Picture a bookkeeper sitting in a darkened room — not metaphorically darkened, but literally dark, the power having cut out again somewhere between nine and midnight — tallying 176 line items by candlelight. Every entry is correct. The arithmetic is sound. The figures add up to something that, on paper, looks like a country reborn: private banks, private real estate, equity stakes in state enterprises, employers freed from the hundred-worker ceiling that had strangled growth for decades, entrepreneurs permitted to hold multiple businesses simultaneously, diaspora Cubans invited to buy property on the island for the first time since the revolution confiscated it. Raúl Castro himself, ninety-four years old and presiding over the endorsement session from his position as the Communist Party's final authority, gave the package his blessing. The bookkeeper closes the ledger. It is the most complete document Cuba has produced in sixty-seven years. And it cannot be spent.

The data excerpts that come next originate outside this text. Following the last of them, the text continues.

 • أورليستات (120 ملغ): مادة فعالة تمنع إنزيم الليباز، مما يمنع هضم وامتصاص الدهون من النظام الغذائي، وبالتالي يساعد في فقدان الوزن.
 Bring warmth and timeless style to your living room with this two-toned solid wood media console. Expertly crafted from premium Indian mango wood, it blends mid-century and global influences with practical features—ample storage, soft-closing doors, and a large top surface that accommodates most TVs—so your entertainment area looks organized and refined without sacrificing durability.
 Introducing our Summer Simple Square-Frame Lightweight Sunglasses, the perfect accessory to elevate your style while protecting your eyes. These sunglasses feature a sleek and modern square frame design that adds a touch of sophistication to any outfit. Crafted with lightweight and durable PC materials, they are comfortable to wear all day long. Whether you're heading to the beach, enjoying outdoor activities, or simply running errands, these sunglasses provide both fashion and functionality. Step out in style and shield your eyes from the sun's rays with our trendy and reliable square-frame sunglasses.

That is the paradox sitting at the center of what Cuba's National Assembly did on June 18, 2026. Lawmakers unanimously approved sweeping reforms backed by the Communist Party and former leader Raúl Castro that would privatize a vast swath of the country's socialist economy in a bid to survive punishing U.S. sanctions. Reuters called it the single largest change to Cuba's socialist model since Fidel Castro's 1959 revolution and a major shift toward a market economy. Those characterizations are accurate, as far as they go. What they do not say is that the mechanism designed to attract the foreign capital the reforms require remains jammed by the very pressure campaign that produced the reforms in the first place.

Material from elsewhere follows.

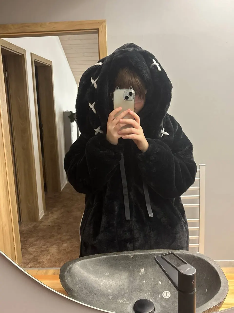 Soft, dark, and impossible to ignore, this oversized black bunny hoodie is made for girls who live in their villain arc but still want to stay warm. Crafted with ultra-plush faux fur and stitched with bold X-marks on the ears, it's the ultimate cozy piece for any alt or Y2K streetwear wardrobe.

The package is sweeping in its ambitions. The reforms open the door to private real estate development, propose to transform state-owned businesses into private commercial ventures with shares and equity stakes, and would allow private banks to enter Cuba's once state-dominated finance sector. They would also allow the "sale of state-owned properties to national and foreign legal entities and individuals, including Cubans residing abroad" — a major change in a country where the state has long held control over land and industry. For the first time, businesses would be permitted to hire more than a hundred employees, and entrepreneurs would be allowed to own multiple private businesses.

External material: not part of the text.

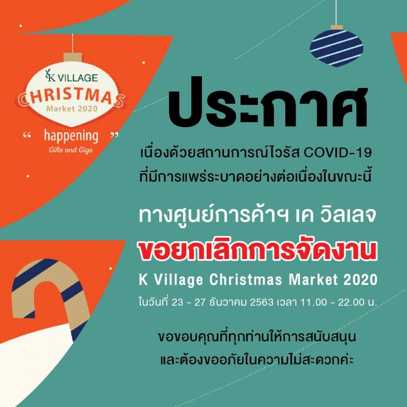 อย่าลืมชวนคนที่คุณรักมาสัมผัสประสบการณ์สุดมหัศจรรย์ที่จะให้ทุกคนได้ฉลองความสุขครบทุกโมเม้นต์ตลอดช่วงเทศกาลคริสต์มาสนี้ที่งาน K Village Christmas Market 2020 “happening” Gifts and Gigs ในวันที่ 23-27 ธันวาคม 2563 ตั้งแต่เวลา 11.00–22.00 น.
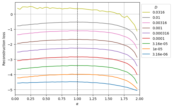 The following plot shows the mean reconstruction loss per \(\alpha\) and \(D\).

Prime Minister Manuel Marrero told legislators that the measures recognize the market as "an instrument for the efficient allocation of resources" — a highly unusual concession from a Communist Party official in Cuba.
But then came the caveat Marrero either could not or would not supply: a timetable. Marrero did not set out a schedule for implementing the measures.
It was not immediately clear how quickly — nor via what mechanisms — the vast array of new measures would be implemented, leaving many unanswered questions following the legislative vote. The ledger is signed. The ledger is authoritative. The ledger has no delivery date.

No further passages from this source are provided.